*Task*:
Please, could you print all the lines below exactly, leaving out the pictures?

*Data provided*:
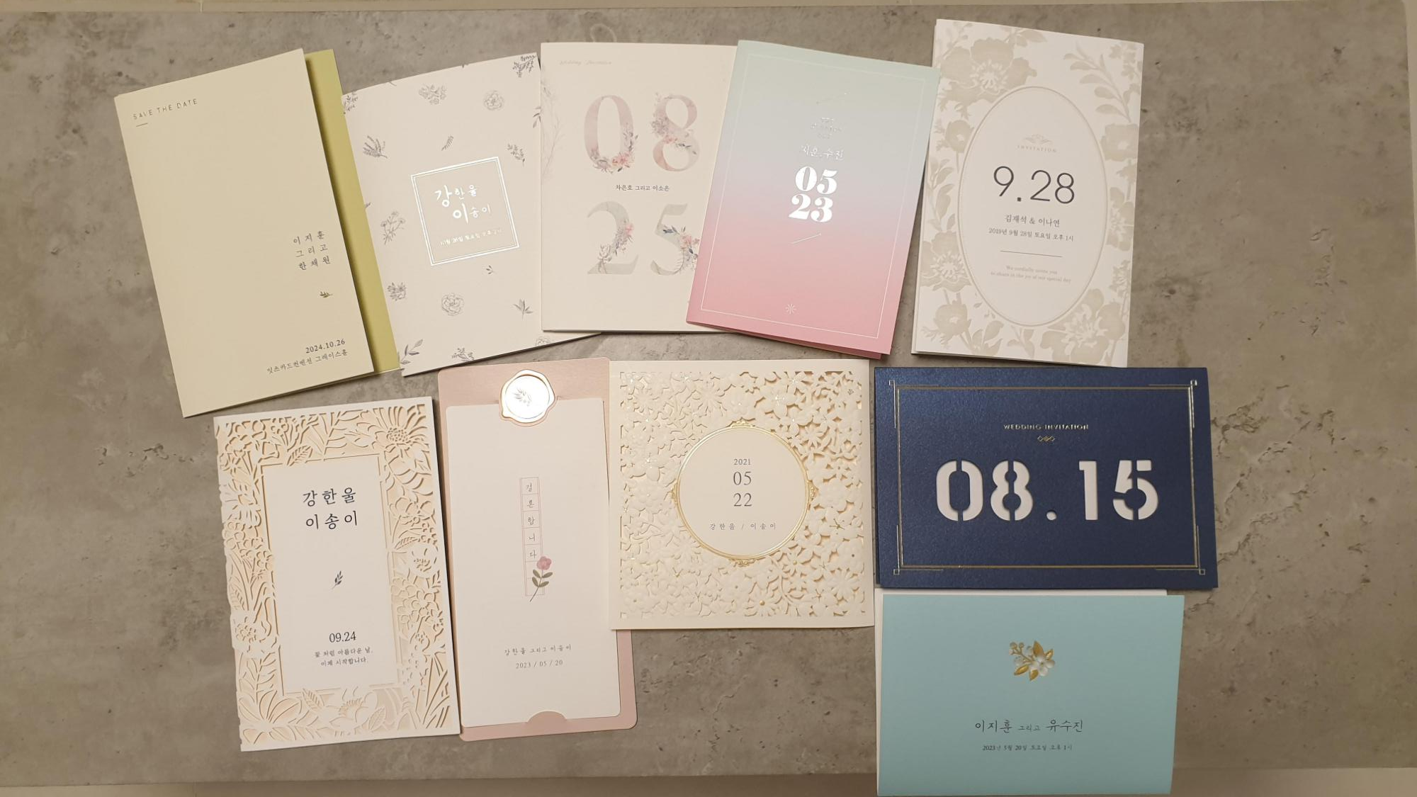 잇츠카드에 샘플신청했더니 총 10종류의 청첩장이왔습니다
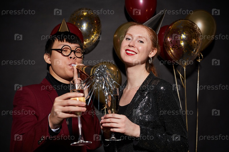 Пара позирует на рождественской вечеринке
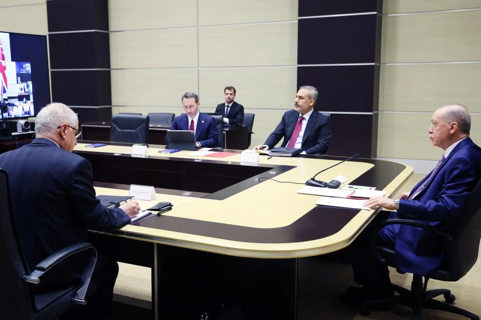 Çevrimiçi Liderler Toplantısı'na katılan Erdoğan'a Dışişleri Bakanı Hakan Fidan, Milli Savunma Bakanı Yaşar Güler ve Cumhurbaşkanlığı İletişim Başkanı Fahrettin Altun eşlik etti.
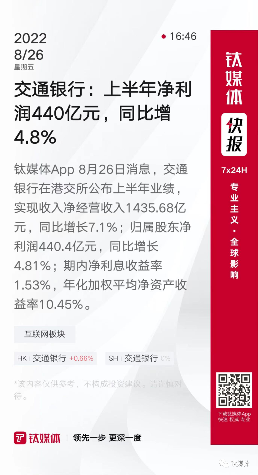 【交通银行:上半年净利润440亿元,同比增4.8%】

*Answer to this task*:
 잇츠카드에 샘플신청했더니 총 10종류의 청첩장이왔습니다
 Пара позирует на рождественской вечеринке
 Çevrimiçi Liderler Toplantısı'na katılan Erdoğan'a Dışişleri Bakanı Hakan Fidan, Milli Savunma Bakanı Yaşar Güler ve Cumhurbaşkanlığı İletişim Başkanı Fahrettin Altun eşlik etti.
 【交通银行:上半年净利润440亿元,同比增4.8%】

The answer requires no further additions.